Il ne convient pas pour autant de « résister » au numérique ou contrecarrer les nouvelles activités, emplois ou organisations du travail qu’il rend possible. Au contraire, il faut évidemment encourager ces nouvelles formes de création de richesse par un double mouvement : encadrement réglementaire facilitant leur développement dans des conditions de concurrence équitables et sécurisation des nouveaux travailleurs indépendants par la création d’un socle de droits universel et indépendant du statut.
Mais qu’on ne s’y trompe pas : à ce jour, rien ne permet d’affirmer avec fermeté que le numérique est bien cette troisième révolution industrielle dont nous avons besoin pour croire à nouveau au progrès économique et social et renouer avec le rêve de la fin du salariat.

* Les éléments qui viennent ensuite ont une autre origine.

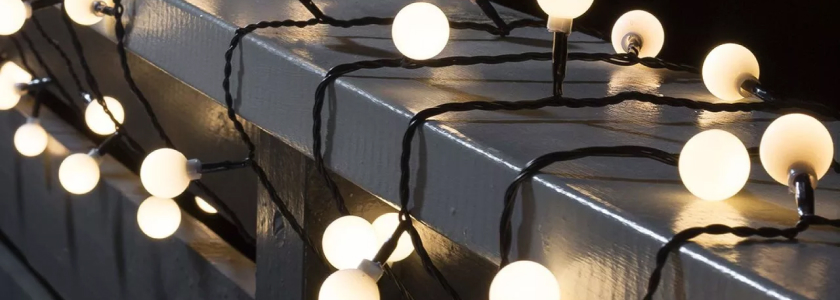 гирлянда с гибким проводом или шиной, на которой расположены патроны под лампы накаливания (камерный, уютный внешний вид)
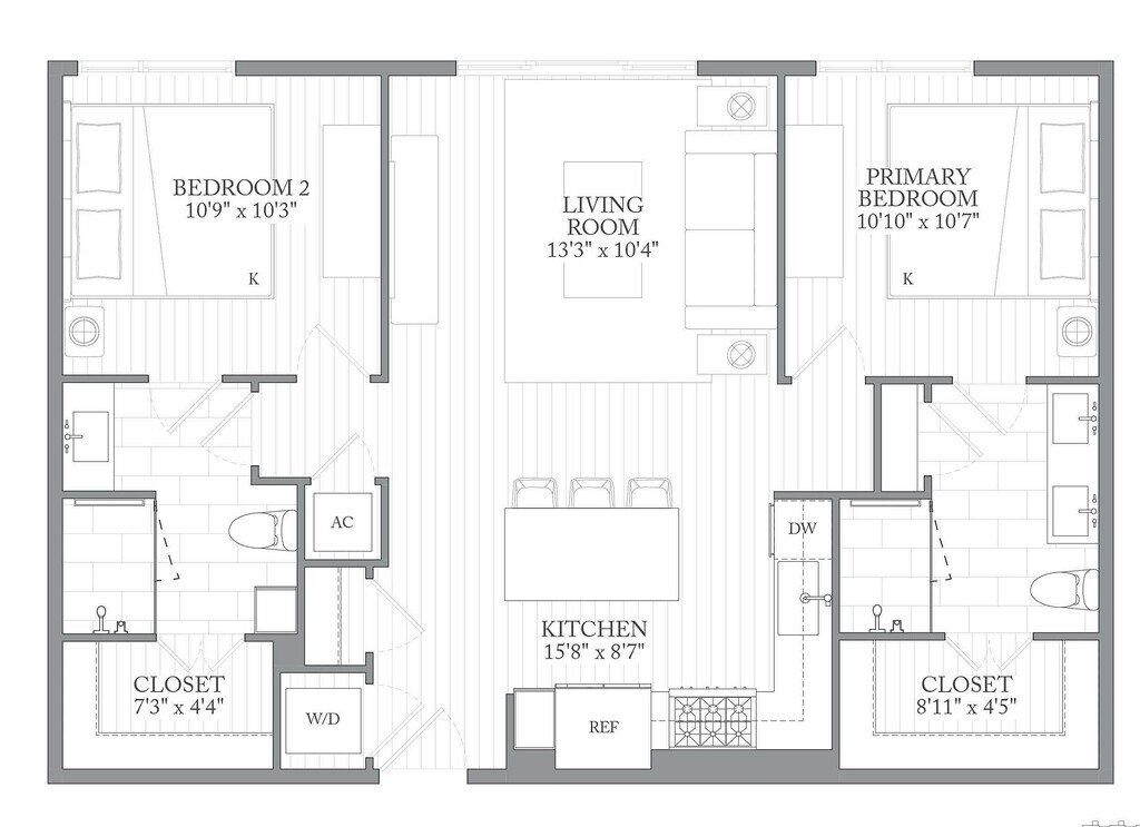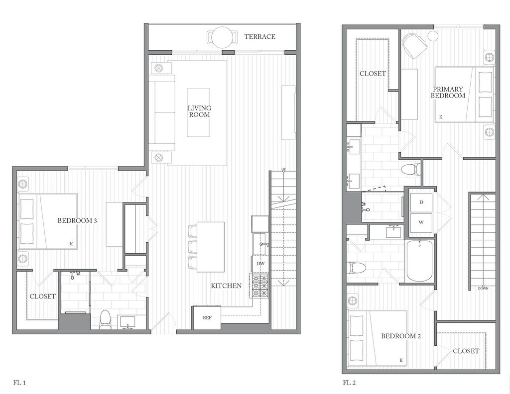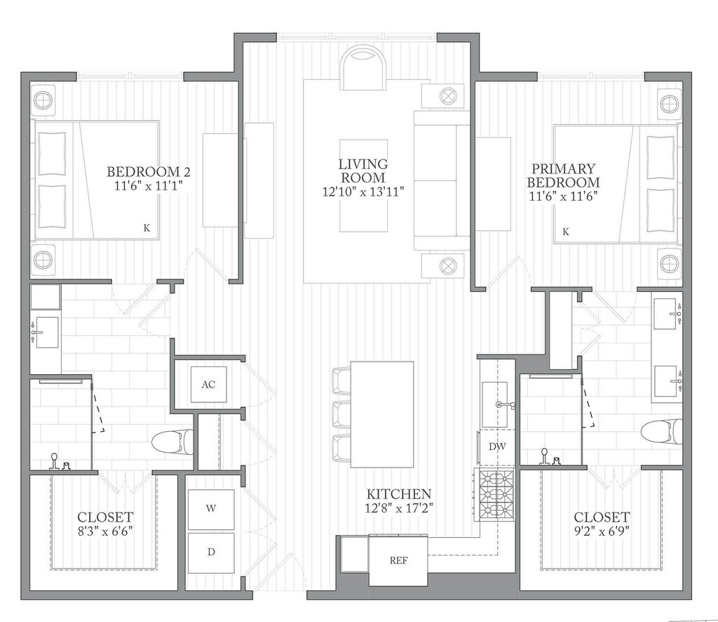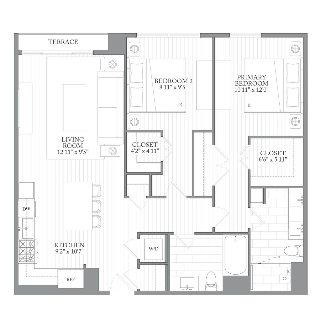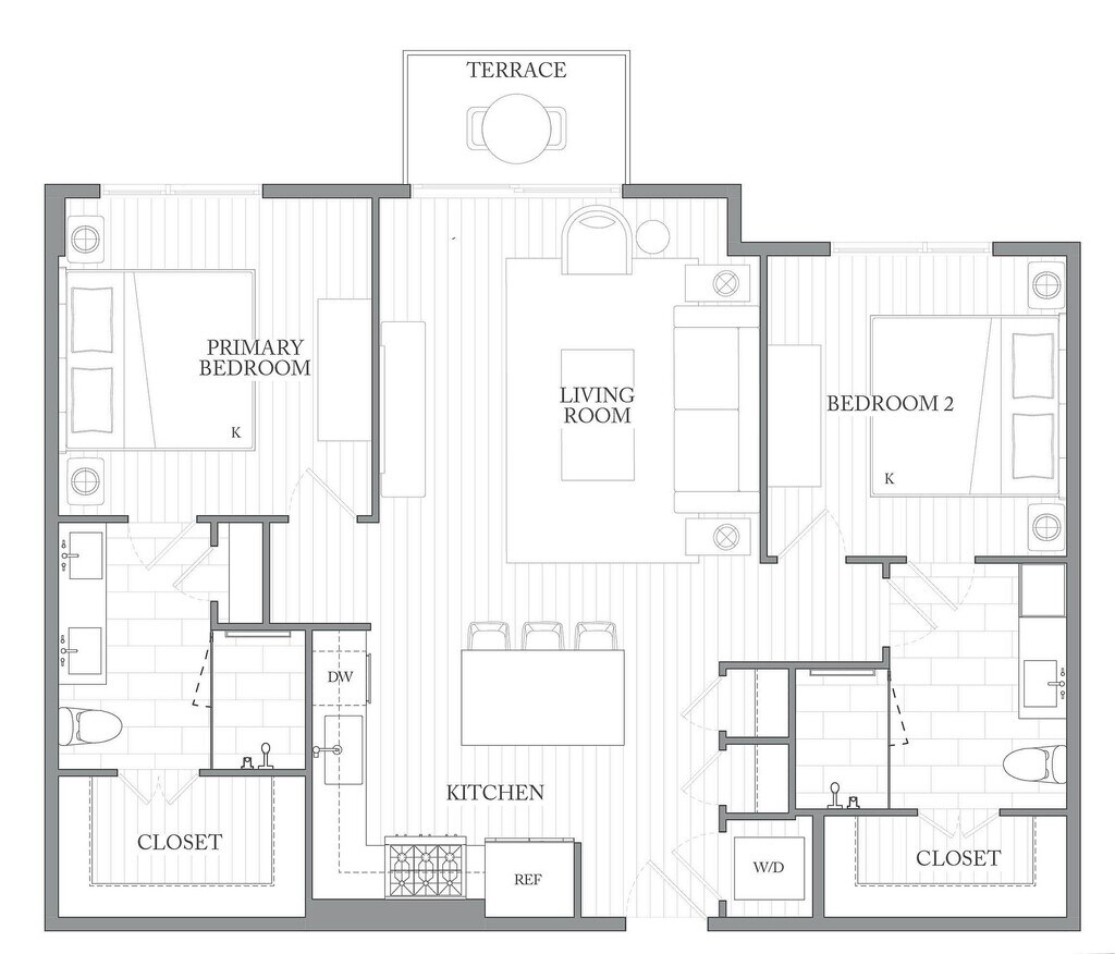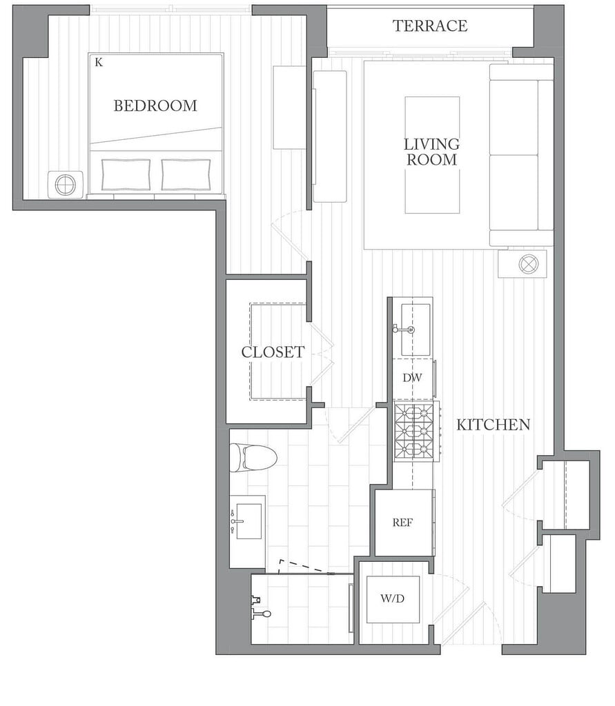 1 Dormitorio, 1 Baño, 867-876 pies²Disponible AhoraGalería del Modelo
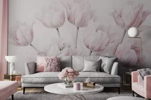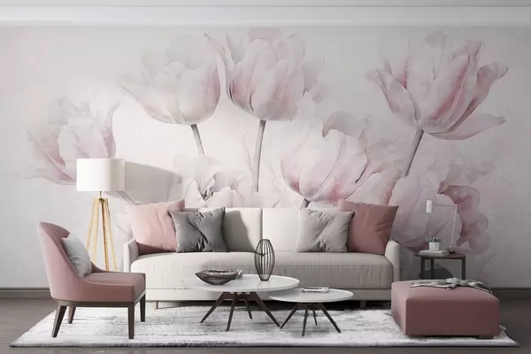 Фототапет Розови текстурирани лалета със зелени листа, мека светлина, винтидж акварелен стил, деликатни движения на четката Nr w09220

Entre croissance, libération et numérique, l’équivalence est encore, malheureusement pour nous, loin d’être établie.

1. Cf. notamment Croissance zéro. Comment éviter le chaos ? Patrick Artus et Marie-Paule Virard, Fayard, 2015.
2. « Droit du travail. Comment penser la société post-salariale ? », Denis Pennel, Génération libre, septembre 2015.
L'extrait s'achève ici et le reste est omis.